Durand, Guillaume
DURAND, GUILLAUME (d. 1334), French scholastic theologian, known also by the Latin form of his name as Durandus of St Pourçain (de Sancto Porciano), and as Doctor Resolutissimus, was born at St Pourçain-sur-Sioule in the Bourbonnois. He entered the Dominican order at Clermont, and in 1313 was made a doctor in Paris, where he taught till Pope John XXII. called him to Avignon as master of the sacred palace, i.e. theological adviser and preacher to the pope. He subsequently became bishop of Limoux (1317), of Le Puy (1318) and of Meaux (1326). He composed a commentary on the Sentences of Peter Lombard, in which, breaking with the realism of St Thomas Aquinas, he anticipated the terminism of William of Occam, and gave up the attempt to show that dogmas can be demonstrated by reason. In the question of the beatific vision, arising out of opinions promulgated by John XXII. (q.v.), he sided with Thomas Walleis, Armand de Bellovisu and the doctors of the faculty of theology in Paris against the pope, and composed his De statu animarum post separationem a corpore. Mention should also be made of his De origine jurisdictionum quibus populus regitur, sive de jurisdictione ecclesiastica et de legibus.

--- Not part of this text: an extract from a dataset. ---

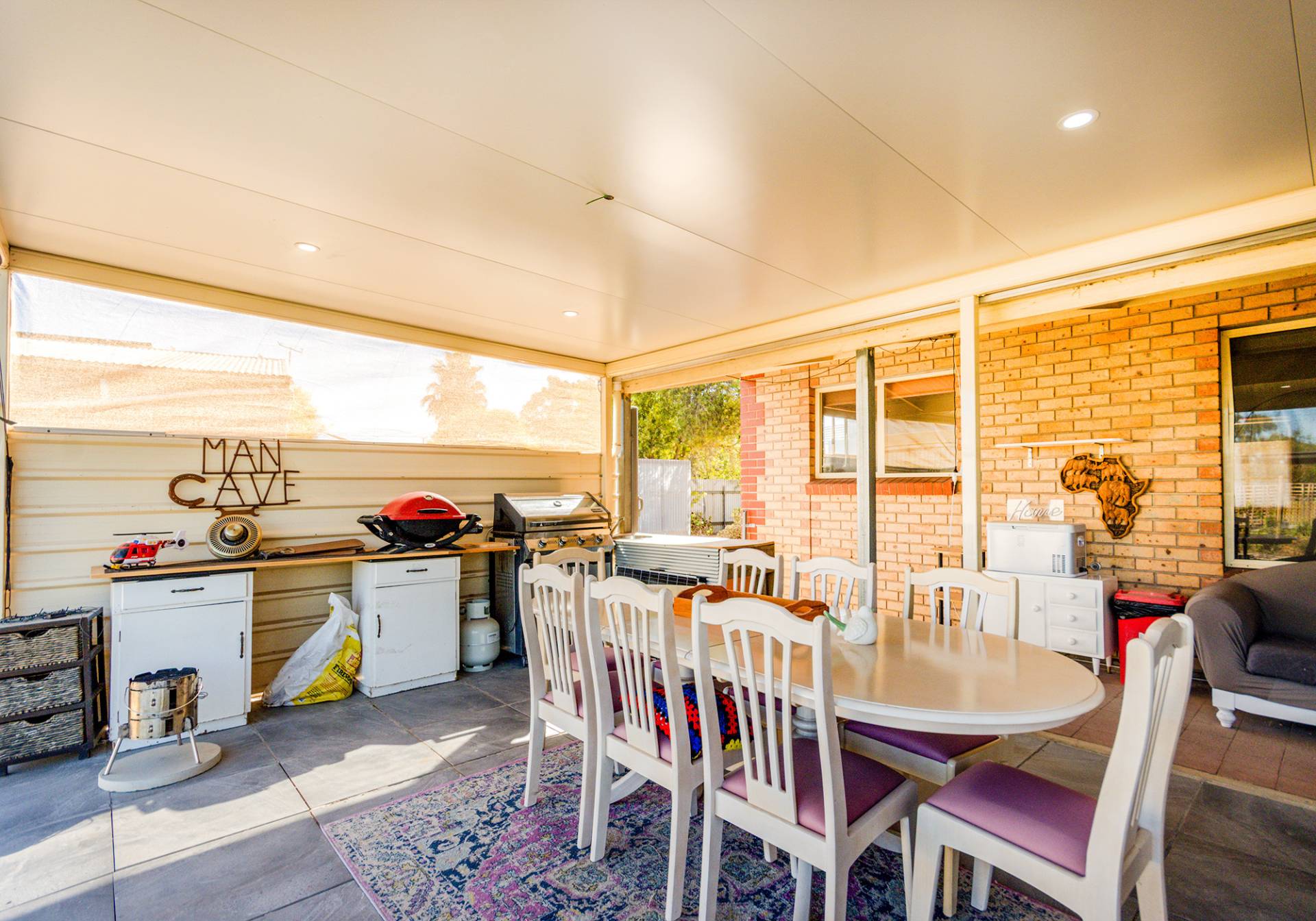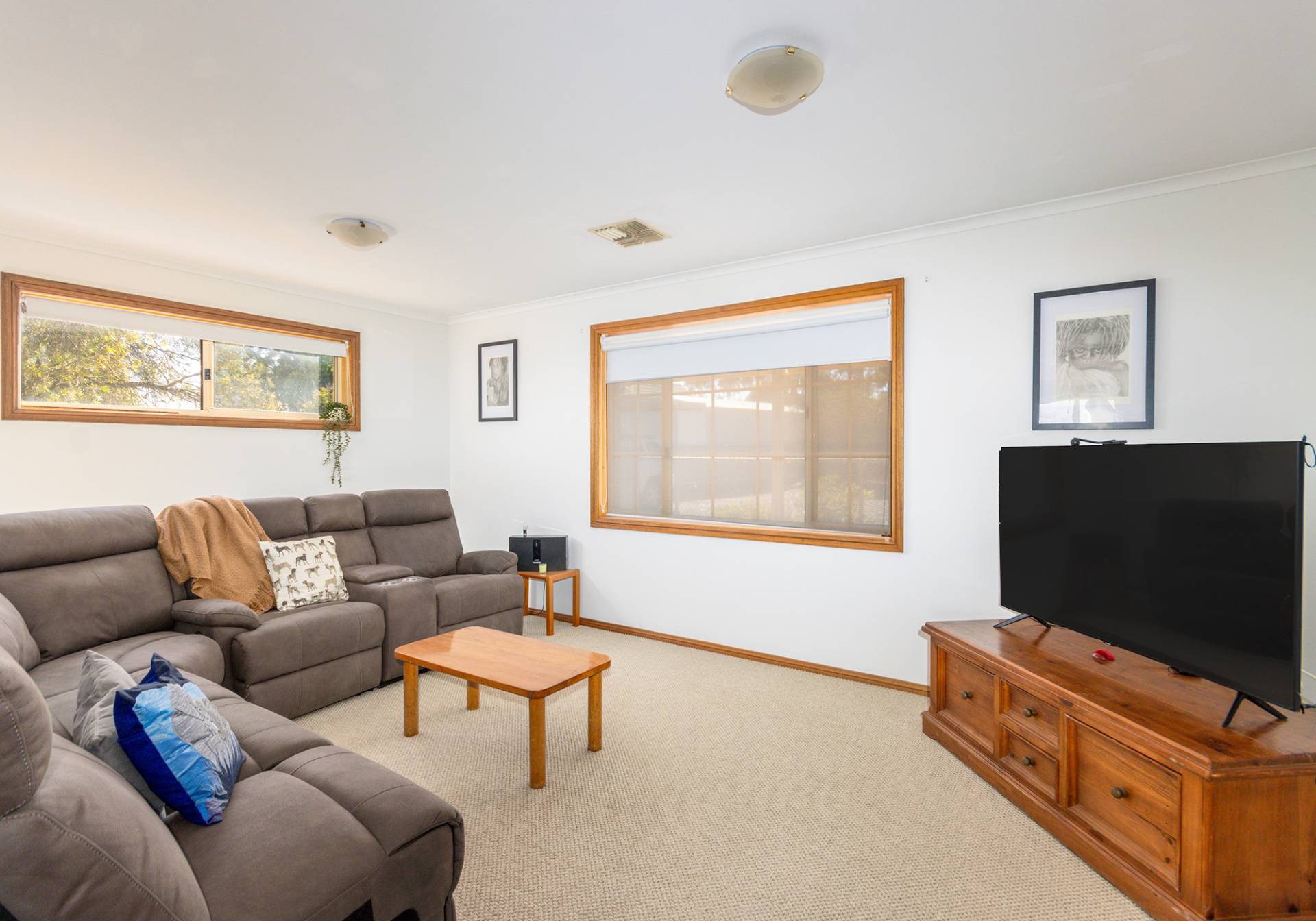 Inside, the home features three well-sized bedrooms, all with built-in robes, ceiling fans & brand-new carpet. A central bathroom services all bedrooms, while the well-appointed kitchen boasts a gas cooktop, dishwasher, electric oven, pantry, ample cupboards & bench space, a coffee nook & a dedicated dining area. The separate living room offers a spacious, yet cosy retreat for relaxation & ducted reverse-cycle air conditioning ensures year-round comfort.

See B. Hauréau, Histoire de la philosophie scolastique (2nd ed., Paris, 1872); C. Werner, Die Scholastik des spateren Mittelalters, vol. ii. (Vienna, 1883); H.S. Denifle, in Archiv f. Litteratur und Kirchengeschichte, ii. (1886); U. Chevalier, Rép. des sources hist. du moyen âge, s.v. Durand de St Pourçain.
Note - this article incorporates content from Encyclopaedia Britannica, Eleventh Edition, (1910-1911)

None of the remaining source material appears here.